By Samantha Skelly
The mere thought of the holidays can sometimes give us chills. It can be difficult to take a step back from the hustle, bustle, egg nog guzzle, and stay calm amongst the jingling madness. It’s a time we often over-indulge, binge and feel a lot of guilt and shame when we ring in the New Year.
Mistletoe isn’t the only thing hanging over our heads during the holidays. It’s supposed to be a time to relax, kick back, welcome in gratitude, indulge with love and spend time laughing with loved ones. The unfortunate case is much the opposite—we tend to overfill our calendars with engagements, so full we can’t cope, we over-indulge on sweets, treats and alcohol & we throw ourselves into a downward self-deprecating spiral. What if we learnt to be more aware in our bodies so the Christmas season isn’t as stressful? What if we took a step back, invited mindfulness into the way we think about ourselves and indulged consciously without the backslap of guilt?

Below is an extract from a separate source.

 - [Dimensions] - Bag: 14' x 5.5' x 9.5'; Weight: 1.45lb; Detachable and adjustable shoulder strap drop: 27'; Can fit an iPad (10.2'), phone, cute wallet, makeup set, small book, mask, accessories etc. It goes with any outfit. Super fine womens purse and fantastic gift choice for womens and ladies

Start something new this holiday season
Humor me and let’s try something new this holiday season. Let’s start from the inside out. Focus your attention on how you want to feel this holiday season; take a moment and identify those feelings. Energized? Calm? Relaxed? Whatever it may be for you, hold a space for it in your mind. Self-acceptance is an inside-outside job. We must first figure out how we want to feel, and it starts from within. Can it really be that simple? YES is the answer. However, for years and years we’ve been brainwashed by the diet industry that we should be reaching for something external in order to cultivate those inner feelings. The next new diet pill, the next restrictive diet, the next celebrity endorsed obsession–whatever it is–we’ve all been there. What happens next? We hop on these fad diets, maybe lose a few pounds, then once we are sick of restricting and realize it’s not a sustainable way to live, we gain it all back plus more (insert vicious diet cycle here!)
What would happen if you listened to your body?

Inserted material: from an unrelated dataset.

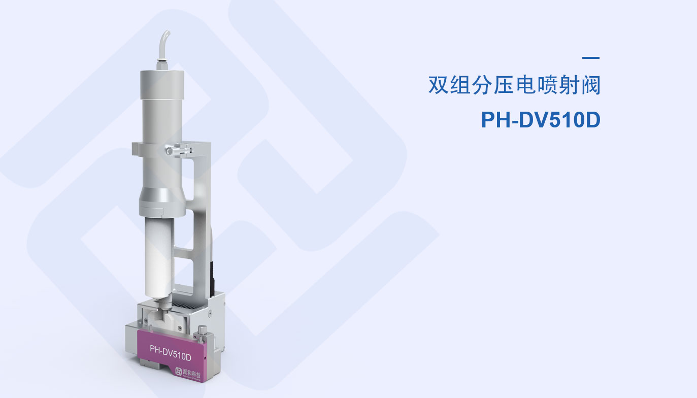 PH-DV510D系列雙組分壓電噴射閥,利用壓電陶瓷做為驅動源,實現高頻率的非接觸式雙組分液滴噴射,并通過制冷組件有效延緩混合膠液固化時間,噴射狀態高效穩定,可實現混合后粘度0 ~ 200000cps的膠液噴射。應用于電子3C封裝,新能源電池填充等技術領域的關鍵工藝環節。

Now, let’s assume for a moment we actually listened to our bodies. We didn’t impulsively binge on food we know isn’t going to nurture our body and we know will send us into a ‘binge, guilt, repeat’ cycle. We trust our bodies to perform miraculous tasks, we breathe automatically, we digest without thought, we even have the power to heal and repair after we harm ourselves.
Learning to love your body in today’s diet crazed world may seem like a ludicrous thought, I know. We tend to treat our body from a place of fear rather than love. We are told we aren’t “enough”by the multi-billion dollar weight loss industry every day of our lives. So this season, only thing hanging over your head should be mistletoe. I invite you to experiment with these three simple steps to make your holiday season more relaxed.
1. Get clear on how you want to feel
An empowering feeling, one that makes you feel powerful. When you are beginning to feel stressed come back to the feeling, focus on it. What you focus on you will feel.
2. Listen to your body
Ask yourself “Am I actually hungry?”This little question will be the deciding factor whether or not you dive head first into the sticky toffee pudding
3. Bring back the love
Shift your body perception from a place of fear to a place of love. Love is an insanely powerful position, it can be transformational. Start your day with appreciating one thing you love about your body.
How will you bring self-acceptance into your holiday?
Samantha Skelly is a health and wellness entrepreneur who aims to empower and inspire women worldwide to reach new peaks and achieve personal greatness through health and fitness. In 2014 Samantha founded her company Hungry for Happiness to empower those suffering from emotional eating, disordered eating & body image issues. She works with her clients to disconnect their identities from their disorders and design and create a life of freedom, abundance and optimal health. Samantha now is on a mission to shine the light on disordered eating internationally and help to lift those up who are suffering in silence.